DIFFERENCE BETWEEN A CLOSE SUBSTITUTE AND A PERFECT SUBSTITUTE

The terms close substitute and perfect substitutes are often used interchangeably.

But, do you know that there have been marked differences?. We will be looking at these differences in this post. 

Substitute means to use something in place of another. 

A substitute good is good that consumers perceived as being similar to another good

Substitute goods are very similar to each other such that there can be used in place of another.

Substitute goods have a positive cross-price elasticity of demand indicating that the rise in the price of one good will result in a rise in the quantity demand of other goods.

What are close substitutes?

Close substitutes are similar products intended to satisfy the same needs but are slightly differentiated.

Coca-Cola and Pepsi are examples of close substitute goods.

What are perfect substitutes?

Perfect substitutes are similar goods intended to satisfy the same needs and are not differentiated.

In the eyes of the consumer, perfect substitutes have no differences at all.

The cross-price elasticity of the perfect substitutes is positive infinity there is a positive and absolute relationship between the goods 

Differences between Close substitutes and perfect substitutes

1. Close substitutes are usually differentiated whereas perfect substitutes are not differentiated.
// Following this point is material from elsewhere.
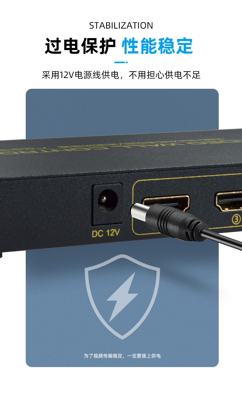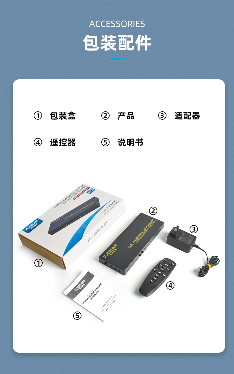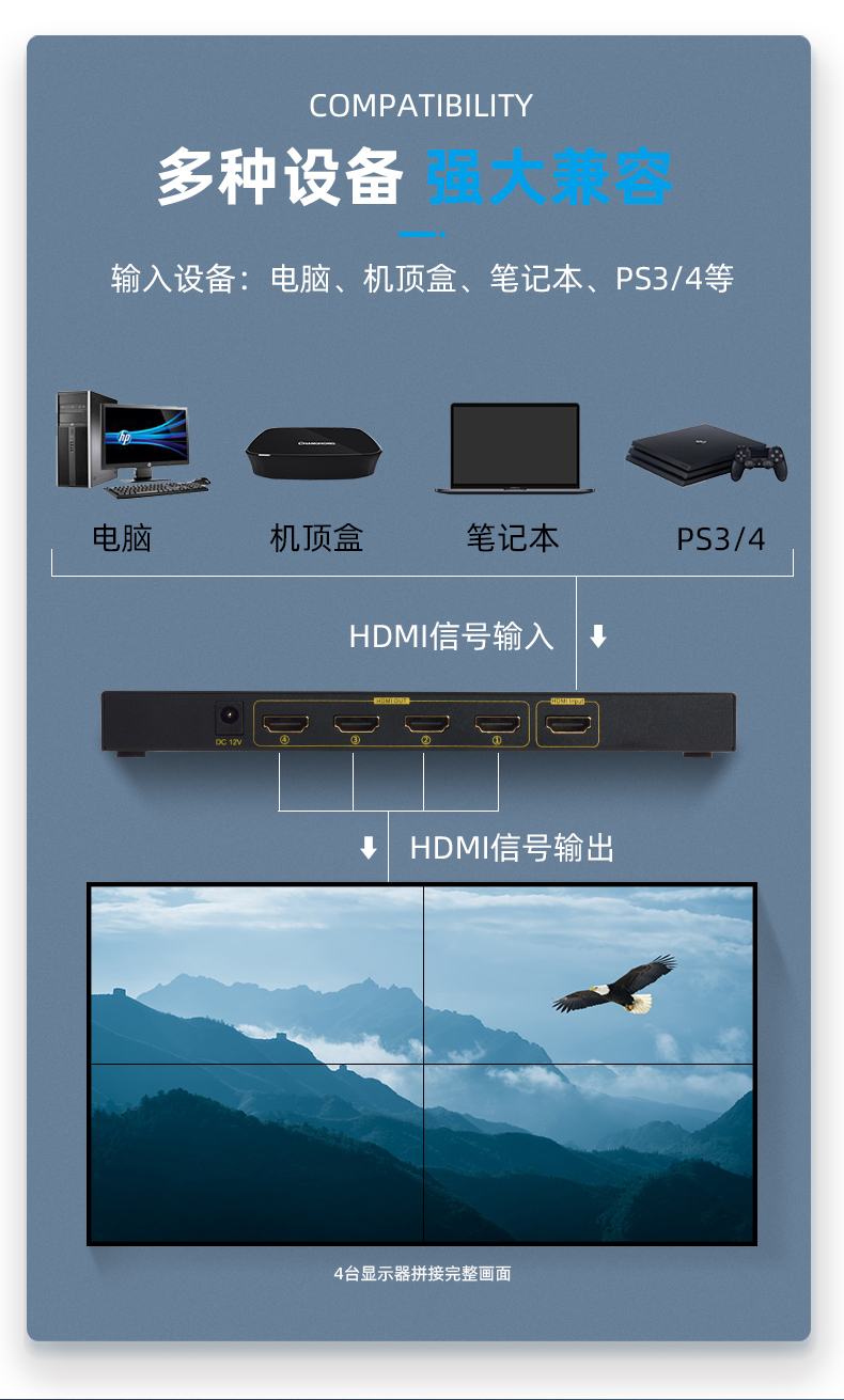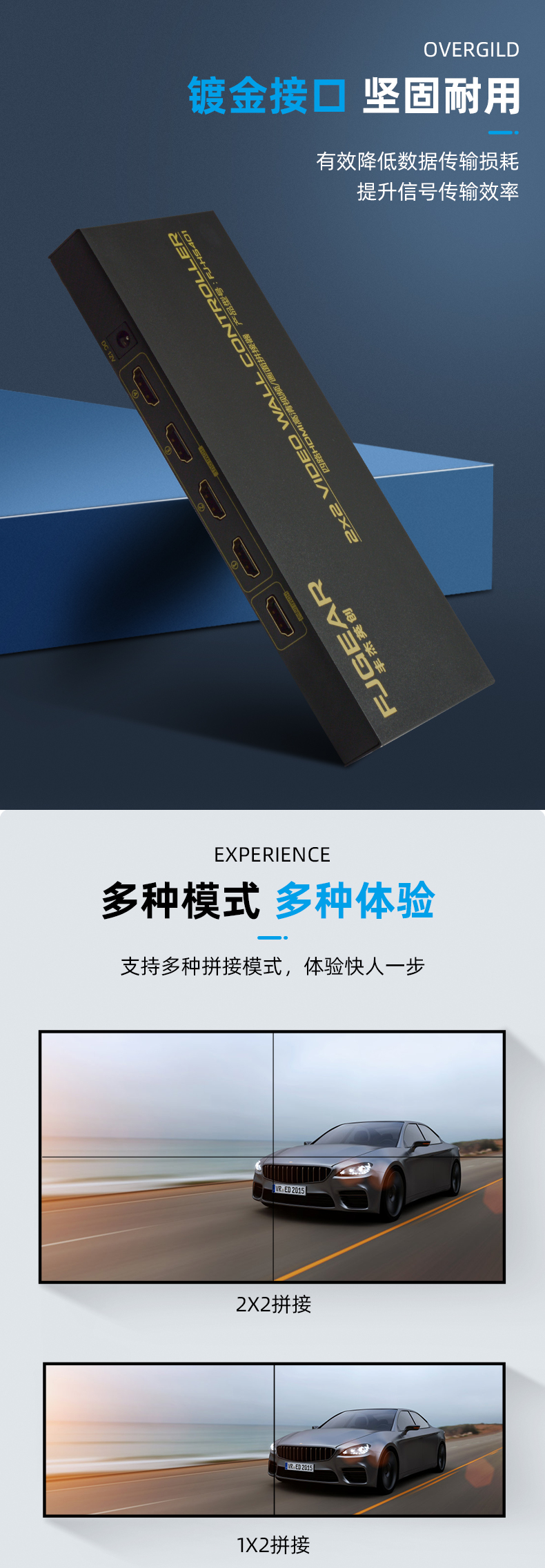 FJ-HS401產品是一款四路HDMI高清視頻/畫面拼接器,由1路HDMI高清視頻信號輸入到拼接器,拼接器對視

Rather, they are identical in the eyes of the consumer.

2. Demand for perfect substitutes is perfectly elastic, so if the price is raised, there won't be any demand.

For example, if goods A and goods B are perfect substitutes, then an increase in the price of goods A will result in zero quantity demanded because consumers will switch over to goods B since they perceive goods A and goods B as the same.

On the other hand, close substitutes have a relatively elastic demand, which is highly sensitive to price changes.

To illustrate, if goods A and goods B are close substitutes, then an increase in the price of Goods A, will reduce its demand significantly, but not to zero.

This is because the two goods are slightly differentiated.

3. Perfect substitutes are common in perfectly competitive markets whereas close substitutes are common in monopolistic competitive markets.